As long as nasal passages aren’t blocked, pressure equilibrium is maintained between
environment & lungs
Inspiration- act of taking air into lungs
When atmospheric pressure is higher than lung pressure, air is pushed into lungs
Diaphragm/intercostals muscles contract to enlarge the thoracic cavity around lungs (both
top to bottom & front to back); larger volume means less pressure in lungs & so air
flows into lungs to equalize pressure; these muscles are stimulated by
phrenic/intercostals nerves; diaphragm moves about 15 mm down
The inward movement of air does not inflate lungs like a balloon but rather the expansion of
the lungs causes the air to rush in
Those who take voice lessons sing with hand at base of rib cage to be sure that they fully
expand (open up) their lungs
Expiration- act of expelling air from lungs
When atmospheric pressure is lower than lung pressure, air leaves the lungs
Diaphragm/intercostals muscles relax, size of thoracic cavity decreases all the way around so
air pressure inside is greater than outside & air flows out of lungs to equalize pressure
How much air are you moving?
Total lung capacity- 5-6 L (volume that both lungs hold)

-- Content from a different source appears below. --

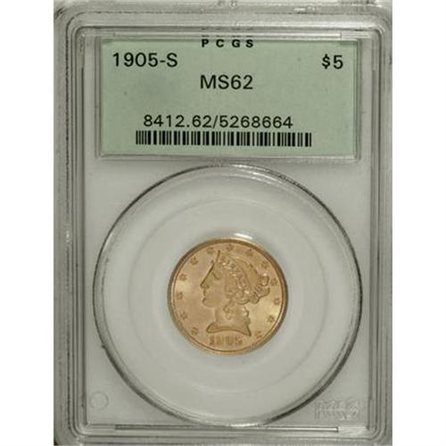 <B>1905-S $5 MS62 PCGS.</B></I> Excellent detail for this San Francisco issue with shining apricot-gold surfaces. Though the fields and devices show a number of wispy abrasions, the visual appeal is strong for the grade assigned. Population: 53 in 62, 43 finer (10/07).<BR><I>From The Parker Lee III Collection.</B></I><BR><BR><B>Coin Engraver:</B> Christian Gobrecht<BR><BR><b>Shipping:</b> Coins & Currency (<a target="_blank" href="http://www.heritageauctions.com/common/shipping.php">view shipping information</a>)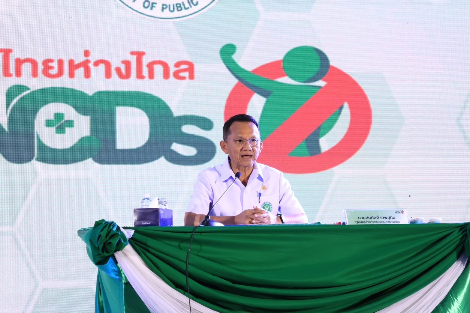 วันที่ 22 พฤศจิกายน 2567 ที่ศาลาประชาคมอ่าวอุดม อำเภอศรีราชา จังหวัดชลบุรี นายสมศักดิ์ เทพสุทิน รัฐมนตรีว่าการกระทรวงสาธารณสุข พร้อมด้วย นายแพทย์วีรวุฒิ อิ่มสำราญ รองปลัดกระทรวงสาธารณสุข เปิดกิจกรรมการขับเคลื่อนนโยบายคนไทยห่างไกลโรคไม่ติดต่อเรื้อรัง (NCDs) ครั้งที่ 4 โดยมี ผู้บริหารจากส่วนกลางและส่วนภูมิภาคในเขตสุขภาพที่ 4 และ 6 องค์กรปกครองส่วนท้องถิ่น อาสาสมัครสาธารณสุข เข้าร่วมงานจำนวน 1,200 คน รวมถึงมีผู้เข้าร่วมงานในระบบออนไลน์ 131,200 คน

Tidal volume- volume of air moved in/out of respiratory passage during normal breathing
About 0.5 L
Inspiratory reserve volume- volume of air that can be inhaled by deepest possible inspiration
in excess of tidal; above tidal volume
About 3 L
Expiratory reserve volume- volume of air that can be exhaled by deepest possible expiration
in excess of tidal
About 1.2 L
Vital capacity- volume of air that can be exhaled by deepest possible expiration after deepest
possible inspiration; inhale/exhale with greatest possible effort
Residual air- amount of air remaining in lungs after deepest possible expiration
About 1.2 L
Eliminated only by collapse of lung
Minimal air- air remaining in lungs after lungs have collapsed
Blood gases
Diffusion of gases occurs from area of high concentration to area of low concentration
A difference in the amount of oxygen present in alveoli & the amount of oxygen present in
blood of pulmonary vessel causes oxygen to diffuse from alveoli to blood (concentration
gradient of gases)
Oxygen is carried by RBC as well as blood plasma- each hemoglobin molecule can carry 8 oxygen
atoms
At the body tissues there is again a difference in the amount of oxygen present there as
compared to the bloodstream so oxygen diffuses into the tissues
Carbon dioxide diffuses from tissue cells into bloodstream
In blood, carbon dioxide
7% stays in gaseous form & dissolves in plasma
20% binds to the hemoglobin to be carried
73% is carried in blood in form of bicarbonate ions in plasma
At lungs, carbon dioxide diffuses from the blood into the alveoli
People breathe at rate of 16-24 cycles/min but it can be altered voluntarily
Breathing is controlled by nerves (phrenic/intercostals) as well as chemically
Respiratory musculature is stimulated by nerves regulated by respiratory centers in brain stem
In medulla oblongata are inspiratory/expiratory centers that stimulate the phrenic/intercostals
nerves; rhythmicity center helps to control breathing
Cyclical activity of inspiratory center is all that is needed to sustain resting breathing
(most of the lung volume changes now attributed to movements of diaphragm)
Expiratory center becomes active when the body’s activity level increases & passive
expiration is not rapid or deep enough; now intercostals nerves are added to
stimulate intercostals muscles ot move
Breathing also influenced by apneustic center & pneumotaxic center of pons
Apneustic center prolongs inspiration (taking a deep breath)
Pneumotaxic center has an inhibitory effect on inspiration (holding your breath)
Respiration is chemically controlled by carbon dioxide in blood
An increase in carbon dioxide stimulates respiratory center; this is most powerful stimulus
Chemical regulation is responsible for maintaining breathing at day/night without conscious thought
Chemoreceptors in medulla oblongata are stimulated by changes in hydrogen ion level & as pH of
blood/cerebrospinal fluid drops there is an increase in respiratory rate
Other chemoreceptors are found in aortic arch & carotid arteries which respond to changes
in oxygen/carbon dioxide levels in blood
Some Disorders of Respiratory System
Cystic fibrosis
Most common lethal inherited disease affecting Caucasians (1 birth in 2500)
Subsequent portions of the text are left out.